Phase 3 data of BridgeBio Pharma’s heart disease drug have gone from “baffling” to elating, as new results extinguished a persistent flame of doubt encircling the biotech's larger clinical development plans.
The company reported Monday that acoramidis had a “highly statistically significant” improvement on the primary endpoint, a hierarchy of assessments that included all-cause mortality, cardiovascular-related hospitalization and a six-minute walk test, among others. That grouping of endpoints was measured by a win-ratio of 1.8, better than the 1.7 figure representing an improvement in mortality and morbidity. When broken down by each individual assessment, all-cause mortality change was not statistically significant, with a p-value of 0.057.
On a call to discuss the results, BridgeBio’s head of cardiorenal Jonathan Fox, Ph.D., said it’s “too early to say” whether the lack of statistical significance specifically in all-cause mortality could hinder approval potential. CEO Neil Kumar, Ph.D., added that the primary endpoint was not powered to focus on each individual data point in the hierarchy informing the win ratio.
“It wasn’t an expectation that this would be [statistically significant] across everything,” Kumar said.
Generally speaking, the company and investors appeared bullish on the likelihood of approval. Shareholders seemed to agree, with the company's shares beginning the day 60% up at $29.17 from a Friday closing price of $18.22.
Transthyretin amyloid cardiomyopathy is a rare heart muscle condition spurred by clumps of transthyretin protein buildup that is normally seen in older patients. More than four out of five patients treated with the drug lived at least 30 months, which BridgeBio noted was close to the survival rate for age-matched patients without the disease. There was a 50% relative risk reduction for the cumulative frequency of cardiovascular-related hospitalization.
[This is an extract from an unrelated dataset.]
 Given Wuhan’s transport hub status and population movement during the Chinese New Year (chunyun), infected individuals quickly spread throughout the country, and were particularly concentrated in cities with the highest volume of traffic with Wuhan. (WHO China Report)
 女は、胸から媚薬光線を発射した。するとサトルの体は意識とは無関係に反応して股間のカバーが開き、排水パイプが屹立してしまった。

The company did not provide exact figures on how acoramidis-treated patients faired on a six-minute walk test compared to placebo, the clinical arrow that punctured the company at an earlier interim readout. Previous results showing that placebo patients outperformed treated patients on the walk test were described by Kumar as “baffling.”
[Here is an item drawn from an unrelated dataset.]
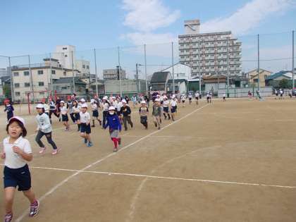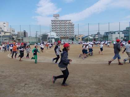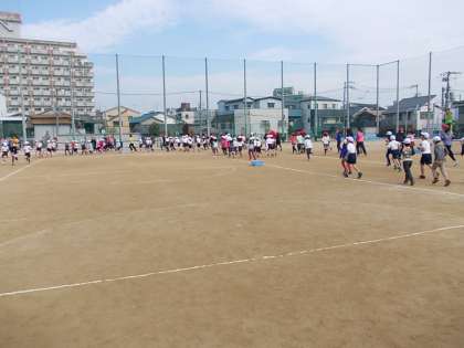 かけあしタイムになると、各学年の場所でなわとびをしてからかけあしになります。

The number of side effects was high across the board, for both acoramidis and placebo, but there were more for the latter. BridgeBio found that 37.3% of treated patients had a severe treatment-emergent side effect, compared to 45.5% for placebo. Half of treatment-emergent side effects in patients given acoramidis led to hospitalization, compared to 60.7% for placebo.
Patients had the option to tack on Pfizer’s approved med Vyndaqel after a year into the trial, but there wasn’t a bevy of comparison data available. What the company did report hinted at potentially more upside, with acoramidis alone boasting higher serum TTR levels than placebo patients and Vyndaqel as well as lower levels of median NT-proBNP.
There was a palpable sense of relief on BridgeBio’s investor call, as the company can now plot commercial plans for its first cardiorenal drug. The biotech expects to submit an approval application to the FDA before the end of the year and additional filings including in Europe in the first half of 2024. Chief Commercial Officer Matt Outten called the drug a “commercial launch dream” on the investor call.
But the expectation, as said explicitly by one investor on the call, is that BridgeBio saddles up with a partner for at least some portion of the commercial launch. Kumar wouldn’t wholly commit to the prospect yet.
“With more potential launches over the course of the next 28 months here with our late-stage pipeline, and the work that we have done already in Europe … we'd be excited to launch the product there as well,” he said. But he noted that partnerships were one avenue the company could take to corral additional financing. Earlier this year, Bloomberg reported that the budding pharmaceutical company was drawing takeover interest.
Moving forward, BridgeBio is pressing ahead with phase 4, testing the drug as a primary prevention therapy. Kumar also teased the potential for a double-blind, head-to-head study against Vyndaqel in the future.